Data Mining代写 Assessment Type代写 neural networks代写

Data Mining COSC 2111/0

Data Mining代写 Assessment TypeYou can do this assignment by yourself or in a group of 2. If you are working in a group please establish a group

Assignment 2

Assessment Type

You can do this assignment by yourself or in a group of 2. If you are working in a group please establish a group in As- signment 2 Group on Canvas. Submit online via Canvas → Assignments → Assignment 2. Marks awarded for meeting re- quirements as closely as possible. Clarifications/updates may

be made via announcements/relevant discussion forums.
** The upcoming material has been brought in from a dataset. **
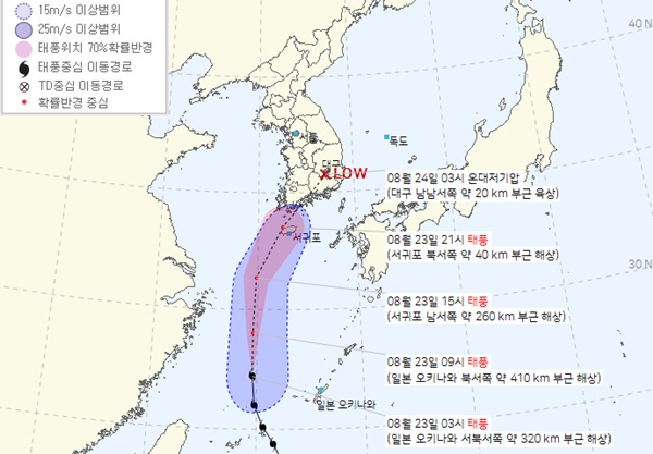 육상에도 태풍과 서해상에서 다가오는 저기압의 영향으로 많은 비가 내릴 것으로 보인다. 23~24일 예상강수량은 100~300㎜, 많은 곳은 제주도산지를 중심으로 400㎜ 이상이다.
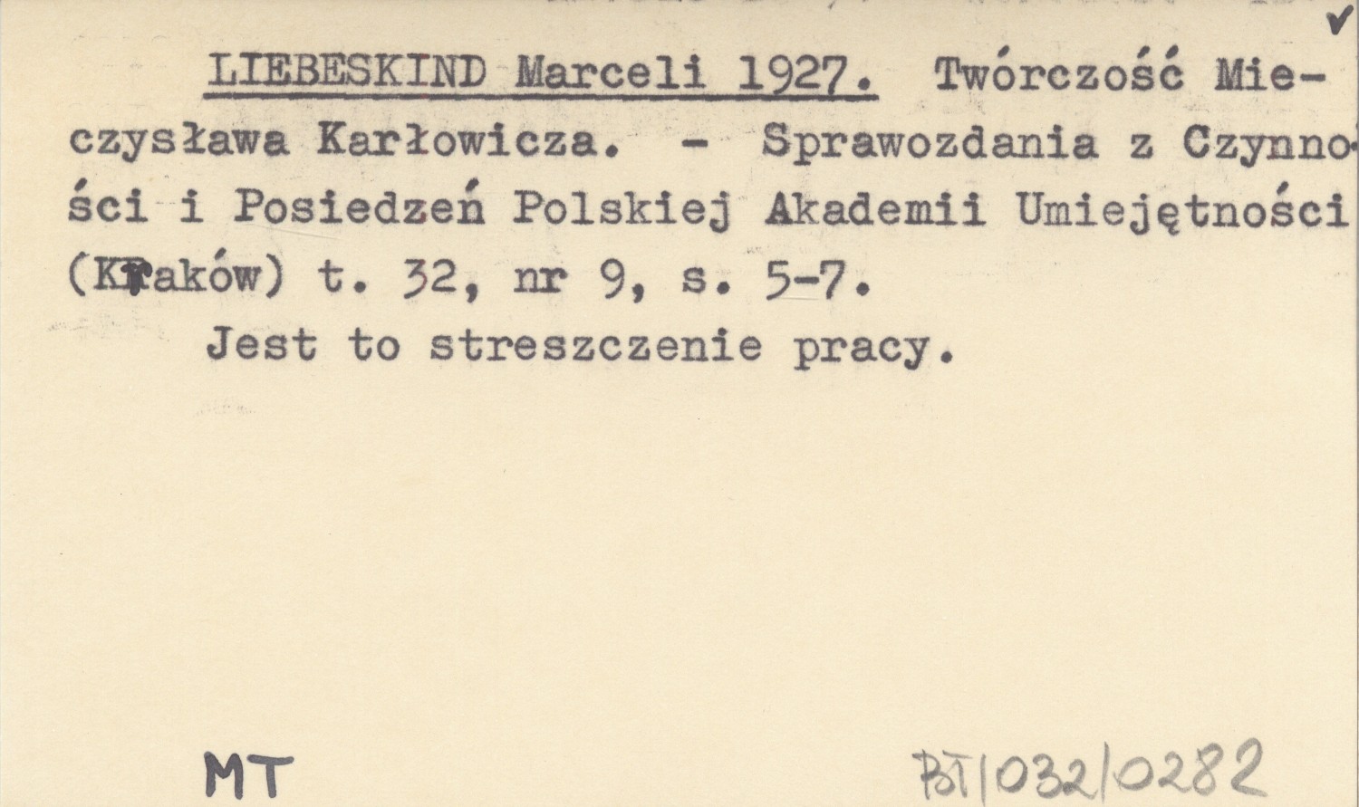 LIEBESKIND Marceli 1927 Twórczość Mieczysława Karłowicza.

Data Mining代写

Due Date

End of week 11, Monday 14th October 2019, 9:00am

Marks

1 Overview Data Mining代写

In this assignment you are asked to explore the use of neural networks for classification and numeric prediction. You are also asked to carry out a data mining investigation on a real-world data file. You are required to write a report on your findings. You will be assessed on methodology, analysis of results and conclusions.Data Mining代写

2 Learning Outcomes

This assessment relates to the following learning outcomes of the course.
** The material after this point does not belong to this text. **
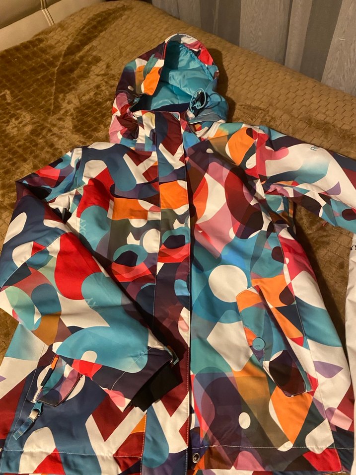 Kadınlar için bol kesim, midi boy ve kapüşonlu. Canlı çok renkli desenli, kürk detaylı, sentetik kumaştan sokak stili mont.

Demonstrate advanced knowledge of data mining concepts and
Apply the techniques of clustering, classification, association finding, feature selec- tion and visualisation on real world data
Applydata mining software and toolkits in a range of applications
Set up a data mining process for an application, including data preparation, mod- elling and evaluation

3 Assignment Details Data Mining代写

3.1 Part 1: Classification with Neural Networks (15marks)
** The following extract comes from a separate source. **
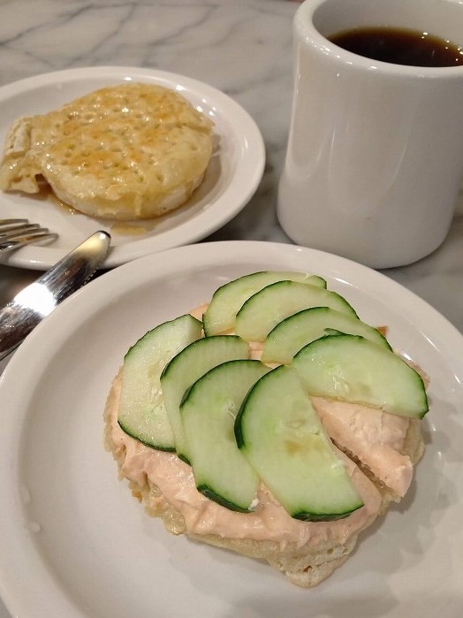 実は今年の夏、米国シアトルを旅行中、アメリカ人からクランペットのお店を紹介され、行きました。その時クランペットを知らなかった私も、アメリカの食べ物でないことは分かりました。アメリカの「甘くてふわふわ」とはちがう味と触感。クランペットは「塩味寄りでもちもち」、食事にもおやつにもなる感じです。

This part involves predicting the Class attribute in the following file:

chronic-kidney-disease-2019.arff

in the directory:

/KDrive/SEH/SCSIT/Students/Courses/COSC2111/DataMining/data/arff/UCI/

The main goal is to achieve the lowest classification error with the lowest amount of overfitting.Data Mining代写

For the neural network training runs build a table with the following headings:

Run

Archi-

tecture-

Param

eters

Train

MSE

Train

Error

Epochs

Test

MSE

Test

Error

ii-hh-oo

lr=.2

0.5

30%

500

0.6

40%

Describe the data encoding that is required for this task. How many outputsand how many inputs will there be?
Develop a script to generate the necessary training, validation and test files. You might want to normalize the numeric attributes with Weka Include your data preparation script as an appendix (not part of the pagecount).
Determine the “analyze” strategy that you will
UsingJavanns carry out 5 train and rest runs for a network with 10 hidden Comment on the variation in the training runs and the degree of overfitting.
Experiment with different numbers of hidden nodes. What seems to be theright number of hidden nodes for this problem?Data Mining代写
For 10 hidden nodes, explore different values of the learning rate. What do you conclude?
[Optional] Change the learning function to backprop-momentum. Exploredifferent combinations of learning rate and momentum. What do you conclude?
Perform a run with 10 hidden nodes and no validation data. Stop training when theMSE is no longer Get the classification error on the training and test data. Comment on the degree of overfitting.Data Mining代写
Comparethe classification accuracy of the neural classifiers with the classification accuracy of Weka J48 and Report Length Up to two pages.

3.2 Part 2: Numeric Prediction with Neural Networks (10 marks)Data Mining代写

This part involves predicting the Age in the following file:

chronic-kidney-disease-2019.arff

in the directory:

/KDrive/SEH/SCSIT/Students/Courses/COSC2111/DataMining/data/arff/UCI/

The main goal is to achieve the lowest mean absolute error with the lowest amount of overfitting.

The task is to predict the value of the Age variable. Build a similar table of runs to the one in the previous question.Data Mining代写

Describe the data encoding that is required for this task. How many outputsand how many inputs will there be? What scaling or normalization is required?
Modify your script from part 1 to generate the necessary training, validationand test files. You can use Weka to normalize all of the numeric attributes except for the class, ie Age attribute. You will need to write a suitable program to scale the age to the range [0,1] and another one to reverse scale the neural net outputs to get the mean absolute Include your data preparation script as an appendix (not part of the page count).
UsingJavanns carry out 5 train and test runs for a network with 5 hidden Comment on the variation in the training runs and the degree of overfitting.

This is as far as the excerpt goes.